Put a handful of oatmeal in a nylon sock and attach the sock over the bathtub tap. Fill the tub to desired level with water filtered through the oats. Let the pet soak in the tub for 15 to 20 minutes (or for however long they will sit still). Rinse well and dry. Remember, pets prefer tepid water, and cannot tolerate really hot baths.

Dry "Shampoo" - to help dry oily-itchy skin. Roast some ground or rolled oats until slightly browned. When they have cooled to room temperature, work them into the pet's hair so they come into contact with the skin. Let stand for about 15-30 minutes, then comb out. Try this on a small area first, as some hair coats don't lend themselves well to this type of application.

Oat Poultice - For "hot spots" or other localized skin irritations, make a slurry of ground oats and water, wrap the slurry in cheese cloth or a tea bag (available from health food stores). Or, soak a clean washcloth in the mixture, and apply as a poultice directly to the affected area. Leave on for 15 minutes or so (or as long as the pet will tolerate it). Repeat several times a day.

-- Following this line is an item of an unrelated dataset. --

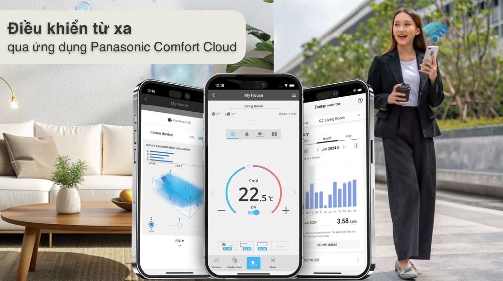 - Người dùng có thể điều khiển máy lạnh từ xa dù ở bất cứ đâu thông qua ứng dụng Panasonic Comfort Cloud trên điện thoại có kết nối wifi.

Healing herbs such as calendula, chamomile, or lavender can be added to the original mixture to further enhance healing.

Here are more tips on other ways to use oats for better pet health:

Oat Tea - Use about a tablespoon of organic oats, steep for 15-20 minutes in a cup of hot water. Pour enough of the tea over the pet's food to moisten it. Use several times a week for its beneficial effects on the nervous and intestinal systems.

Oatmeal for Breakfast - Increase fiber intake and make use of oat's medicinal qualities by mixing cooked oatmeal into pet food several times a week. Start out with small amounts and increase to about a tablespoonful or so for every 10-20 pounds of animal.

Grow Your Own Crop - Oats are easy to grow, indoors or out. Simply stick some organic seeds in the ground (in a pot or tray if growing them indoors), add water and sunlight, and wait a few weeks until the stems are a couple of inches tall. Let your pet eat from the crop, or harvest with scissors and mix the cut leaves into his food. Oat sprouts are also easy to grow, and some critters like them better than grasses. Oats are sometimes marketed, while in seed form, as "Cat Grass", grown and fed to cats as a treats or as an aid to digestion.

Medicinal Oats - Tinctures, capsules containing oats and other forms of "medicinal" oats (Avena sativa) can be used for a variety of conditions. Check with your holistic vet for proper uses and dosages.

Flower Essences - Wild oats, a different species of oats from the cultivated ones, is a remedy used to help restore direction and nervous energies.

Homeopathic - Avena sativa is a minor remedy that may be indicated for the animal suffering from nervous exhaustion, sexual debility, or nervous tremors. Check with your homeopathic practitioner for more on how oats are used in homeopathy for pets.

Well, those are some of the amazing properties that nature gives us in oats. You'll want to use organically grown (wild) oats, whether for dietary or topical use, as the nutritive values of organically grown oats are much higher than commercially produced crops, and you don't run the potential risk of pesticide or herbicide residue. Plus, organic farming methods are good for the environment.